Prime Minister Datuk Seri Anwar Ibrahim officiated the main celebration of HAWANA 2026, Malaysia's National Journalists' Day, at the PICCA Convention Centre @ Butterworth Arena on June 20, arriving at 2.40 pm to a formal reception. Penang Chief Minister Chow Kon Yeow, Communications Minister Datuk Fahmi Fadzil and Communications Ministry secretary-general Datuk Abdul Halim Hamzah welcomed the Prime Minister, underscoring the significance of the occasion as a high-level government event honouring the journalism profession across the region.
Before engaging with the formal proceedings, Anwar took time to engage with the exhibition space and a dedicated HAWANA 2026 Photo Gallery positioned in the venue's foyer, a gesture demonstrating the government's broader commitment to celebrating media contributions to public discourse. This walkthrough allowed him to interact with displays reflecting the evolution and current state of journalism in Malaysia and beyond, setting the tone for what organisers billed as a strategic platform for the media industry.
The event drew significant institutional representation from Malaysia's own media apparatus. Bernama, the Malaysian National News Agency, brought together its chairman Datuk Seri Wong Chun Wai, chief executive officer and HAWANA 2026 Working Committee chairman Datin Paduka Nur-ul Afida Kamaludin, editor-in-chief and deputy committee chairman Arul Rajoo Durar Raj, and deputy editor-in-chief and project director Mohd Shukri Ishak. Their collective presence highlighted the event's status as a milestone for Malaysia's state news infrastructure and the broader journalism ecosystem.
What distinguished HAWANA 2026 from previous iterations was its decidedly international and regional character.

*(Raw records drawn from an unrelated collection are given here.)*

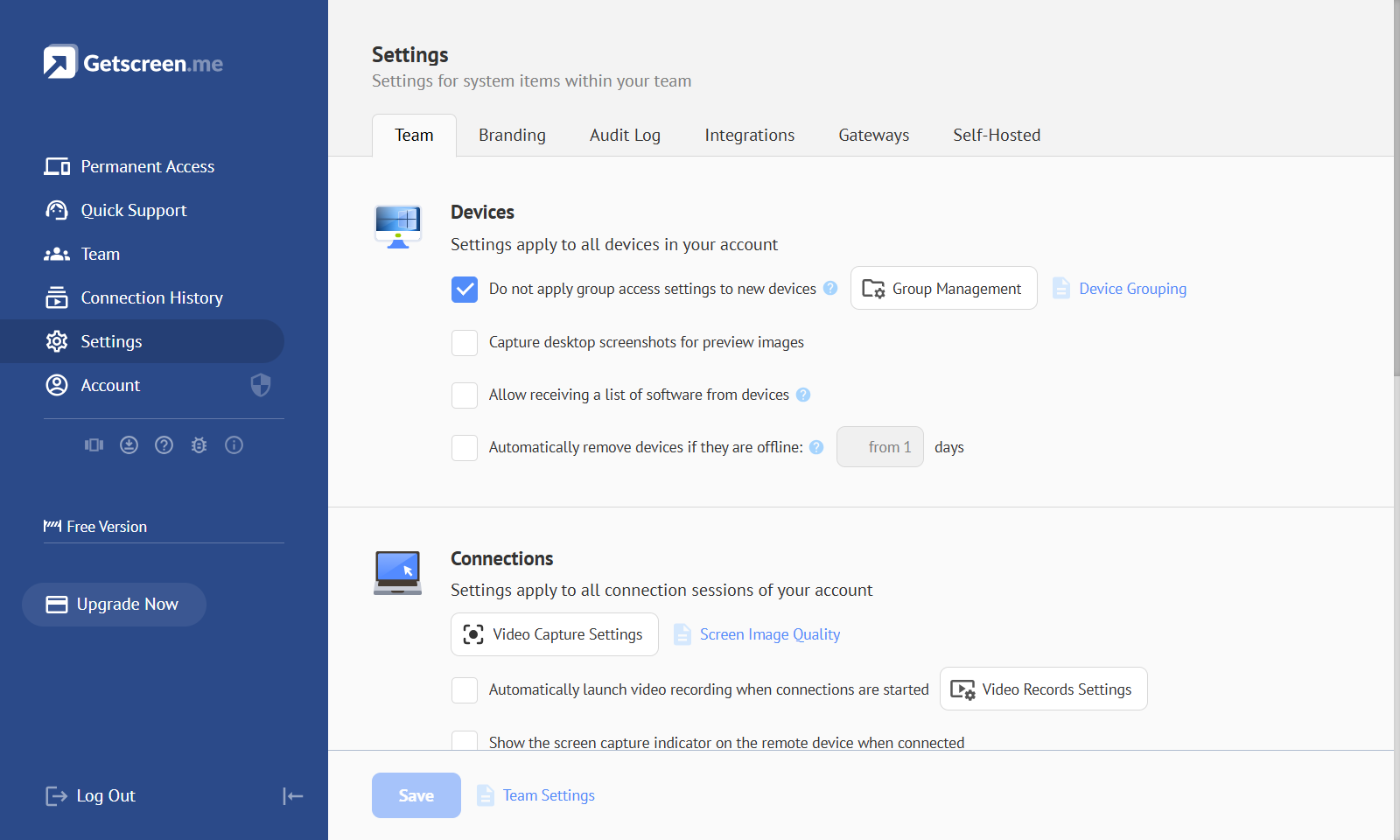 The following settings apply to all connections made under your account, including those initiated by your team’s technicians.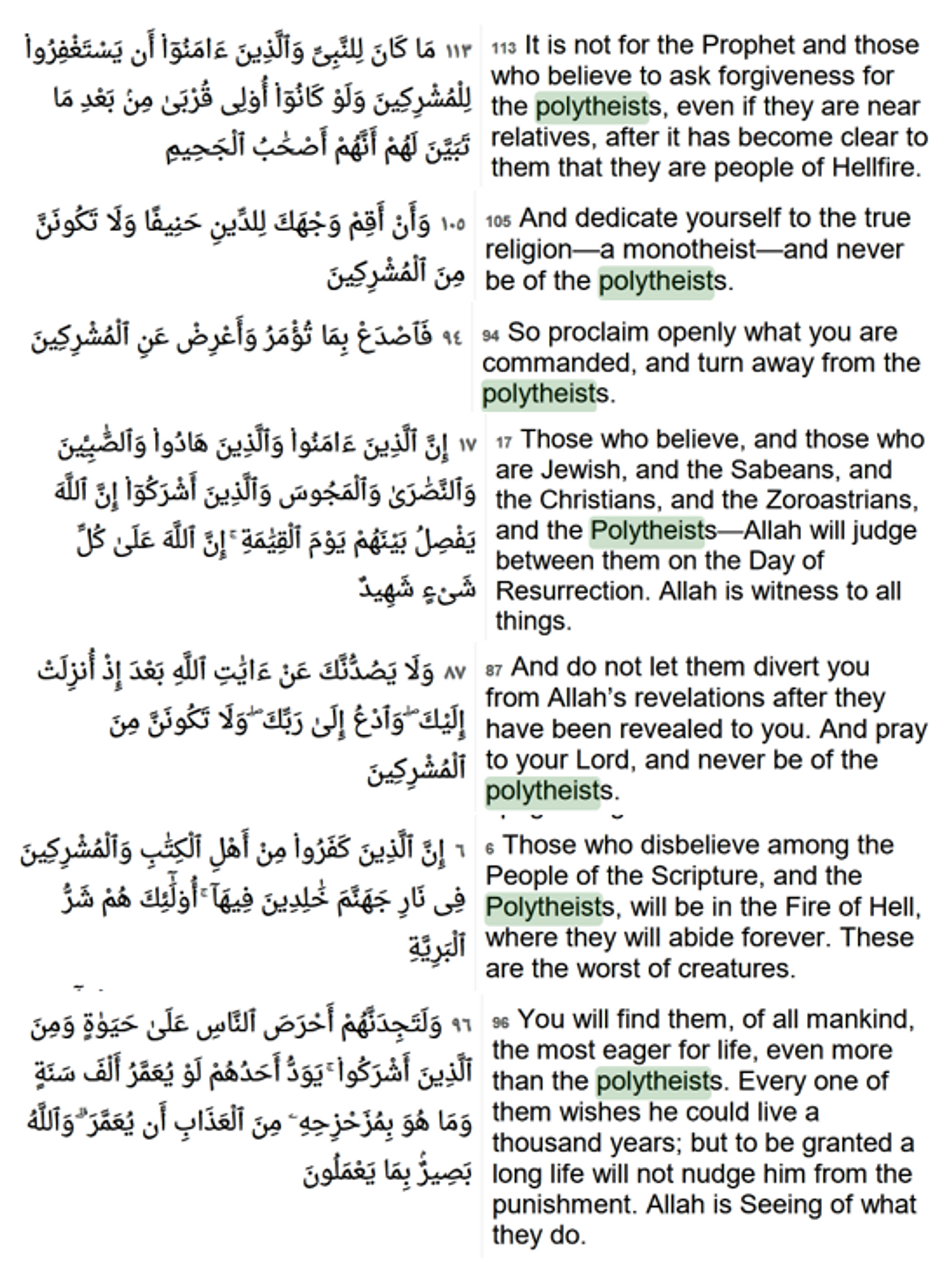 The translation and meaning of the above Quranic verses are highly deceptive. The simple meaning of some may be "Allah will see them...or similar". However, when the wishes of Islamic Allah are read in Hadith and other books, it authorises the Muslims to carry out the wishes of their Allah. One may hear a person threatening other with the same words "I will see you..." and none should have a dilemma as to what it means. It clearly means bodily harm or repression. Hence, all these verses are covertly discriminatory, hateful, intolerant and bigoted towards the believers of other religions and idol worshippers.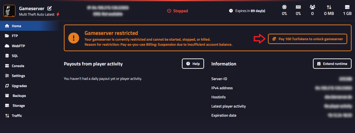 You can unlock your gameserver yourself by clicking the button in the notification within the GSM to pay the outstanding traffic costs. Please make sure your account has enough TuxTokens to cover the unpaid traffic fees.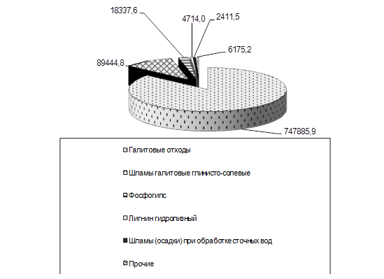 Рис. 1. Структура образования отходов производства в 2007 г. (без учета галитовых отходов и глинисто-солевых шламов), тыс. т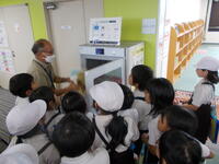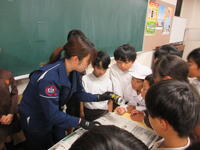 そして、落ち着て、全員が避難することができました。消防署の方からもスムーズに避難ができたと講評をいただきました。その後、消火器の使い方も指導していただき、6年生が代表で消火訓練を行いました。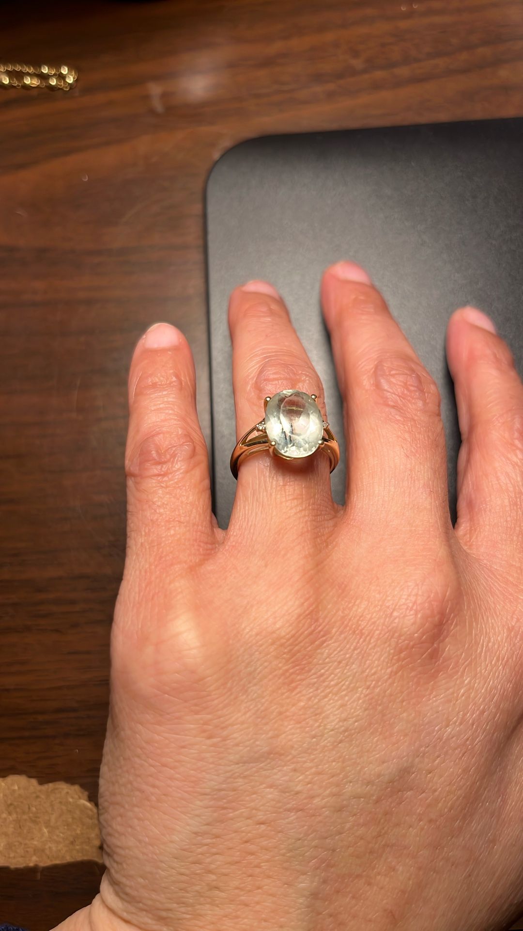 Inspired by JLo and Ben’s engagement ring. Stone is a light green tourmaline with small diamonds. Also have matching earrings sold separately. Rings weighs 3grams is size 7 pick up in Aurora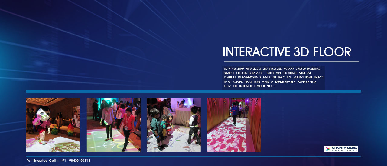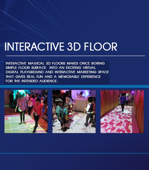 Interactive Magical 3D Floors makes once boring simple floor surface into an exciting virtual digital lay-ground, creating a brand new mediumto captivate and fascinate audiences.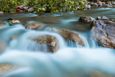 Flowing water and rocks in natural streams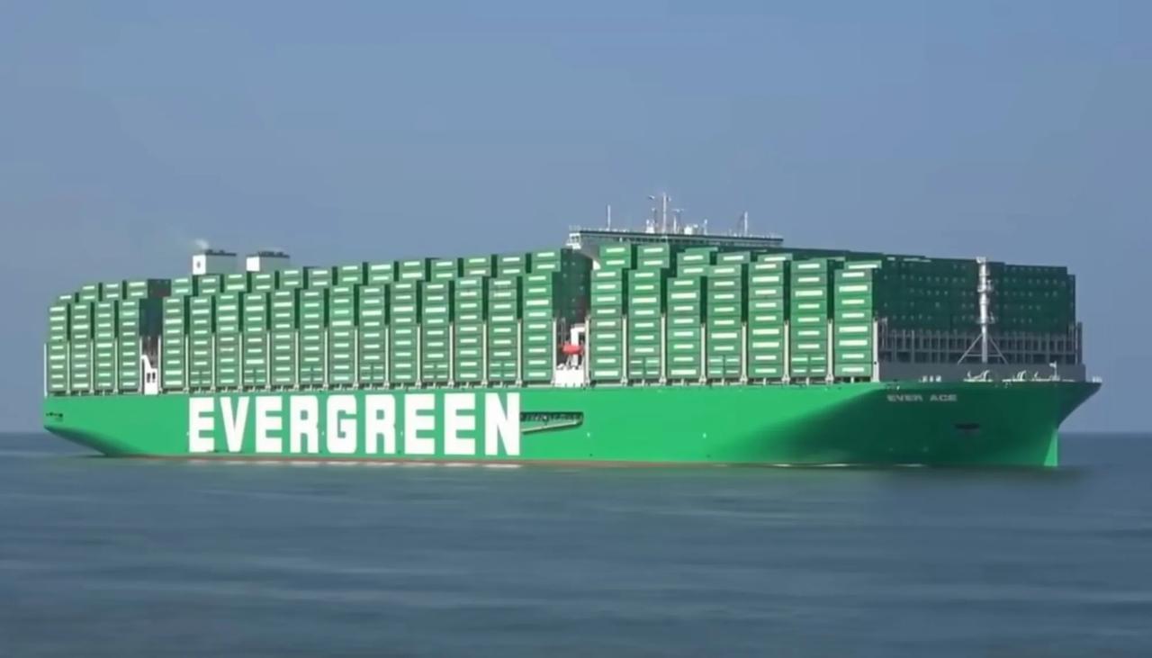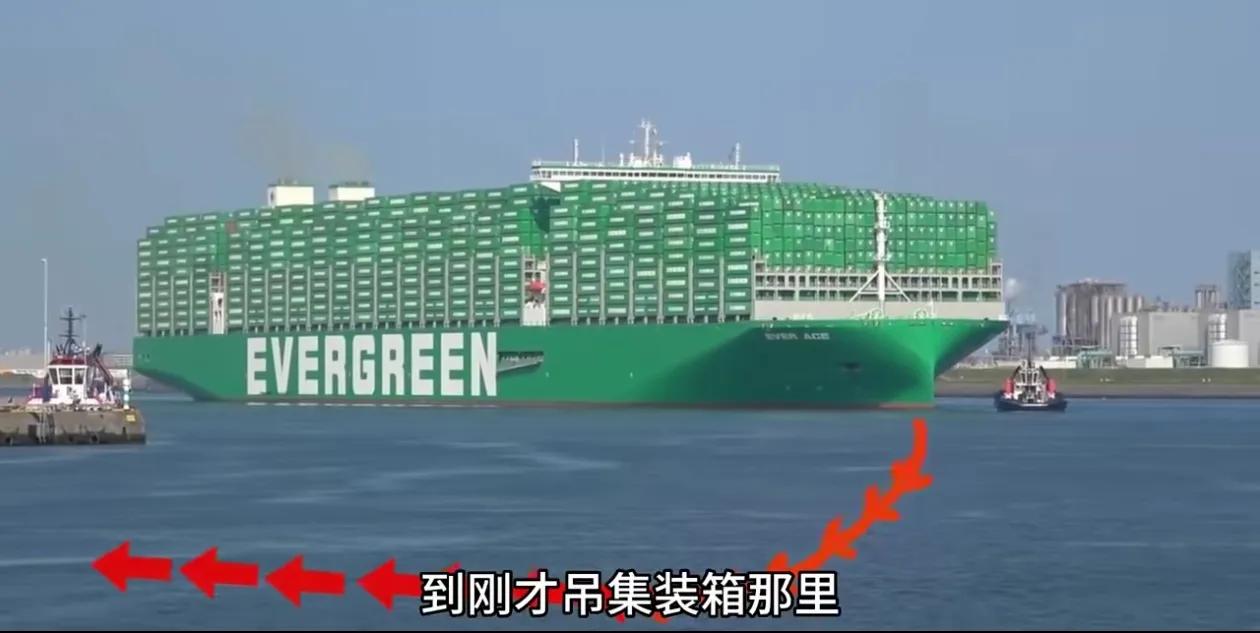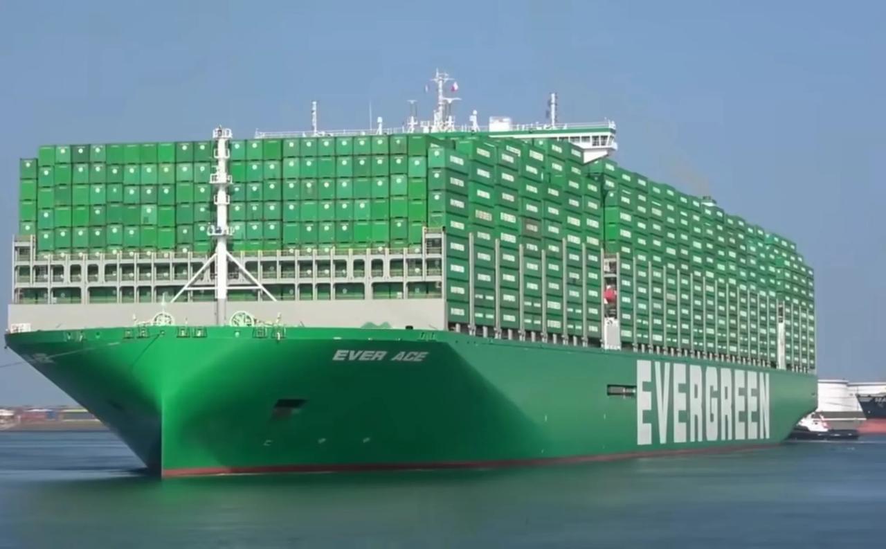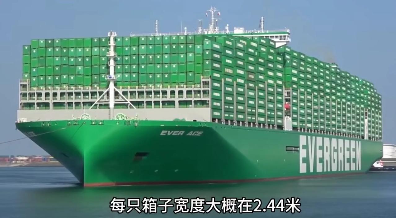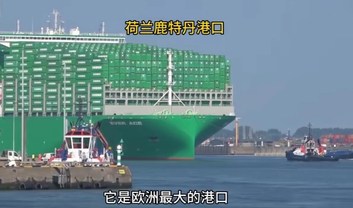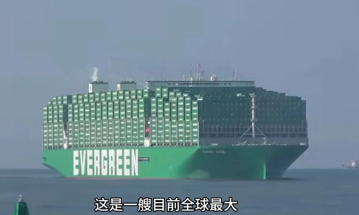 全球最大货轮停靠港口场景 EVER ACE“长范号”,来自中国宝岛台湾长荣海运,长度达到400米,宽度达到62米,甲板总面积接近四个足球场加起来那么大,高度也达到30米。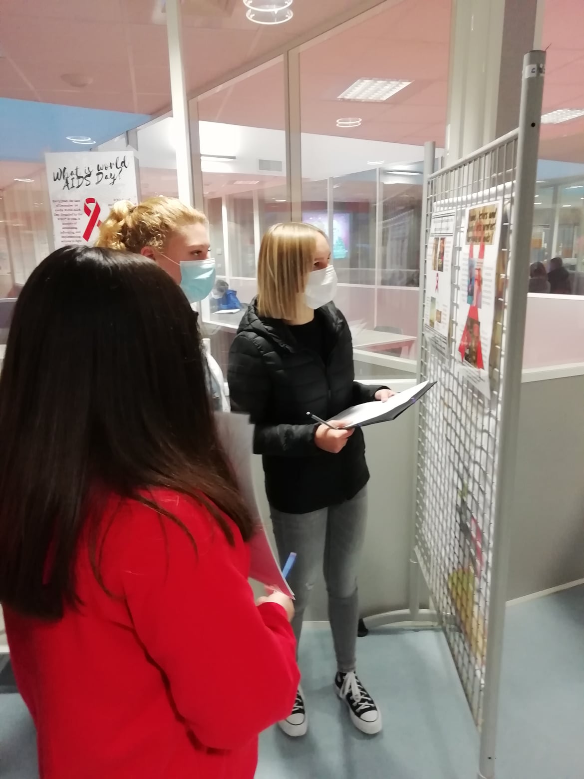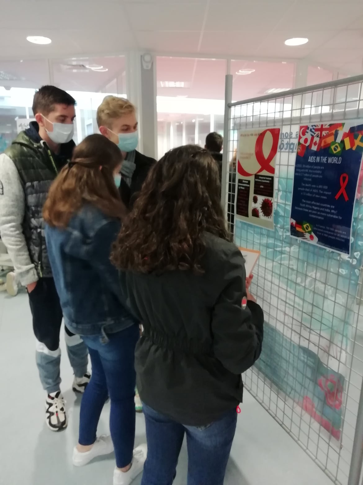 Le mercredi 1er décembre, journée mondiale de lutte contre le SIDA, les élèves de Terminale ST2S ont organisé des actions de sensibilisation au sein de l'établissement. Vous avez été nombreux à acheter les rubans rouges qu'elles avaient confectionnés et 4 classes ont pu profiter des activités que nous vous proposions au CDI. Madame LOOTEN, infirmière scolaire était présente pour échanger avec les élèves et leur apporter de nombreux conseils. Les élèves ont également réussi à répondre au questionnaire réalisé à partir des affiches des TST2S et tout cela ... en anglais !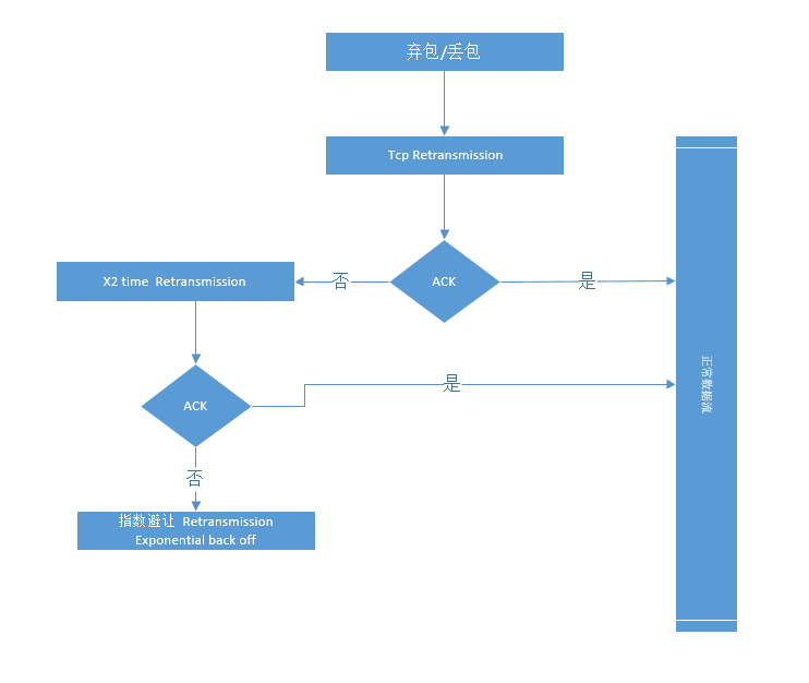 如果服务器异常误包不能马上被恢复可能会造成指数退避的情况如下图
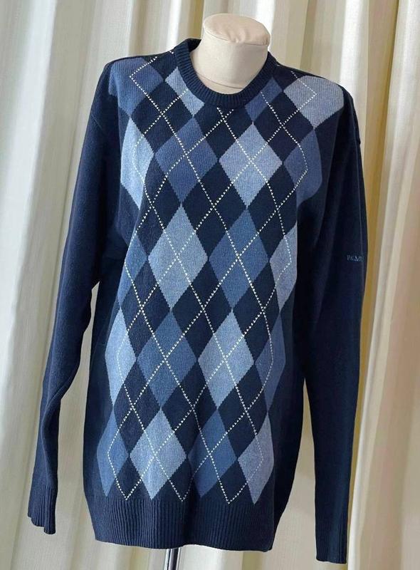Светр вовняний чоловічий синього кольору з ромбами PALMER🛍️❤️🔥 Розмір - UK 10-12/ EUR 38-40/ M / 46-48. Склад : 80% вовна, 20% нейлон. Виробник Китай. Светр з вовни середньої товщини, спереду з ромбами в блакитних відтінках. Круглий виріз горловини з неширокою резинкою. На одному рукаві логотип-вишивка бренду. Додаткові заміри: повна довжина 75 см, ширина плечей 51-53 см, довжина рукава 66 см, напівобхват грудей 52 см (повний обхват 104 см) і тягнеться до 120 см, напівобхват талії 48 см (повний обхват 96 см) і тягнеться до 110 см, напівобхват стегна 49 см (повний обхват 98 см) і тягнеться до 126 см.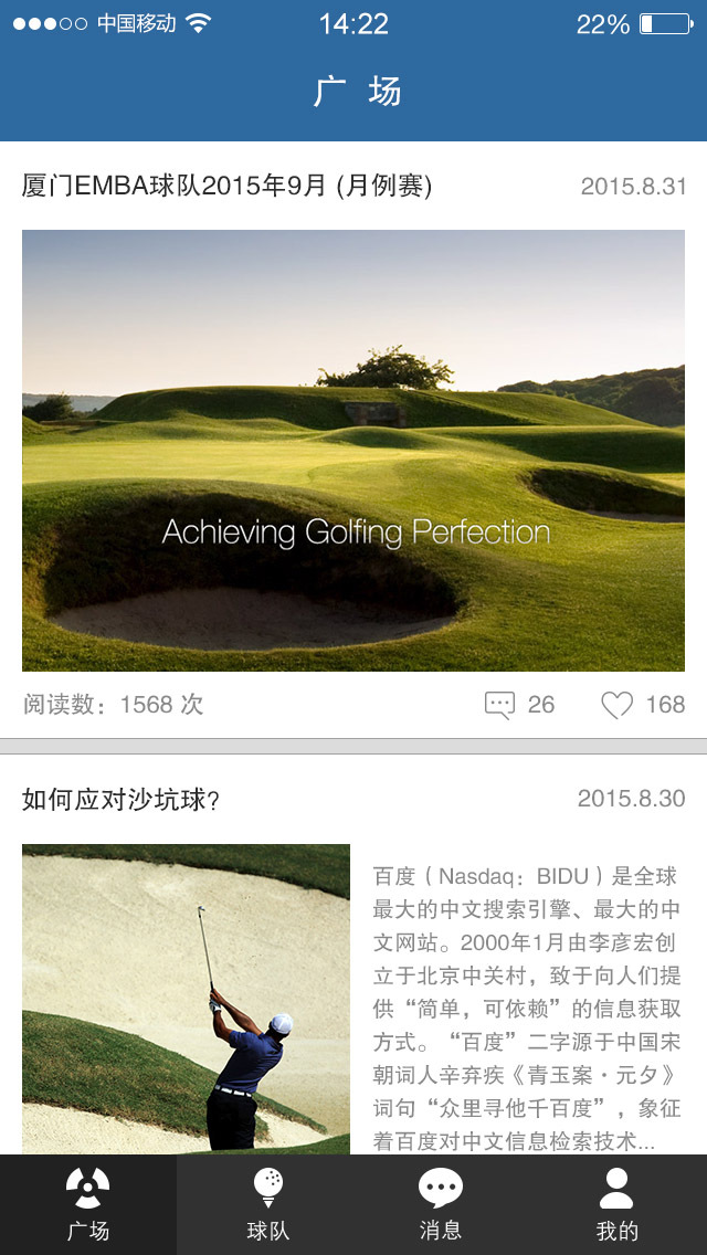 通过享玩,您可以更好的进行高球相关赛事、活动。享玩有赛事报名,球员分组,成绩录入,还有球队成员即时聊天等功能,您还可以在线预订附近的高球场地资源,教练资源。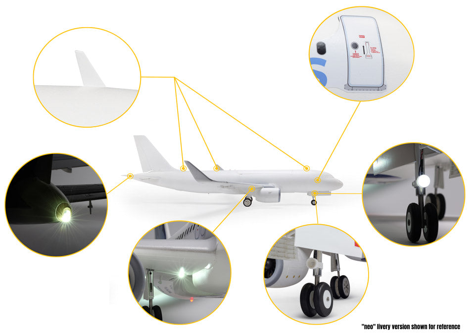 E-flite Airbus A320neo Twin 64mm EDF RC Jet Airliner Features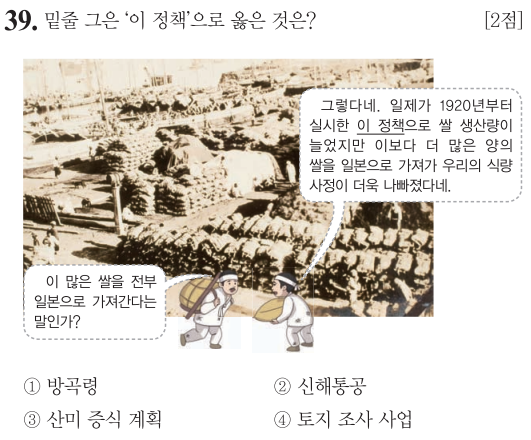 ③ 산미증식계획은 1920년대에 실시한 일제시대 경제정책으로 말 그대로 쌀 생산량이 증가하기는 했지만 일본으로 유출되는 쌀의 량이 많아 되려 조선 백성 1인당 소비량은 현저하게 줄어들게 되었습니다.

ASEAN delegates occupied prominent positions, reflecting the event's positioning as a platform for cross-border media dialogue. These included Timor-Leste Secretary of State for Social Communication Expedito Loro Dias Ximenes and Cambodia's Undersecretary of State at the Ministry of Information Prak Thaveak Amida. Laos' Permanent Secretary of the Cabinet Office of the Ministry of Technology and Communications, Phuangpasert Keosouvanh, also attended, signalling the event's pull across Southeast Asia's diplomatic and communications networks.
Representatives from regional news agencies underscored HAWANA's role as a convening space for journalism practitioners across the region. The president of Timor-Leste's news agency TATOLI, Noemio Mateus Soares Falcao, and deputy president Madalena DE JCP Carlos brought perspectives from the region's island democracies, while delegates from Indonesia's Antara News Agency, Vietnam News Agency (VNA) and China's Xinhua News Agency demonstrated the event's reach beyond ASEAN proper. The Indonesian Journalists Association (PWI) and the Malaysia-Indonesia journalists network (ISWAMI) further reinforced the cross-border professional dimensions of modern journalism.
The centrepiece of the Prime Minister's role involved presenting accolades recognising sustained contributions to journalism and public thought. The HAWANA Award and Special HAWANA Award ceremonies stood as the formal mechanism through which Malaysia's government acknowledges excellence within the profession, a practice that carries symbolic weight in affirming journalism's place within the nation's democratic infrastructure. Alongside these honours, Anwar distributed contributions from the Kasih@HAWANA Fund, a charitable mechanism aimed at supporting media veterans facing financial hardship—an initiative reflecting broader conversations about journalist welfare across Southeast Asia.
The gathering assembled approximately 1,000 media practitioners domestically and internationally, a scale suggesting HAWANA has matured into one of the region's major journalism conferences. The official theme, 'Media Integrity Strengthens Credibility', encapsulates contemporary concerns about journalism's epistemic role in an era of information abundance and competing narratives. This framing indicates that Malaysian policymakers view media integrity not merely as a professional virtue but as foundational to public trust and, by extension, democratic legitimacy.
Organisationally, HAWANA 2026 represents a collaboration between Malaysia's Ministry of Communications and Bernama as implementing agency, embedding the event within government structures whilst maintaining editorial distance through Bernama's nominal independence. This arrangement reflects the Malaysian state's traditional relationship with media infrastructure—one of close partnership and strategic oversight rather than formal control. For regional observers, the event signals how Southeast Asian governments conceptualise journalism's role: as a sector worthy of recognition and investment, yet one whose freedoms remain contextualised within state interests.
For Malaysian readers and regional observers, HAWANA 2026's scale and composition carry implications. The event demonstrates Malaysia's aspirations to position itself as a regional thought leader on media standards and journalism ethics, particularly at a moment when information warfare and disinformation campaigns challenge professional norms across Southeast Asia. By convening ASEAN colleagues and international news agencies, Malaysia projects itself as invested in collective solutions to journalism's contemporary challenges—a positioning that carries soft power dimensions amid regional geopolitical competition for influence over information flows and narrative frameworks.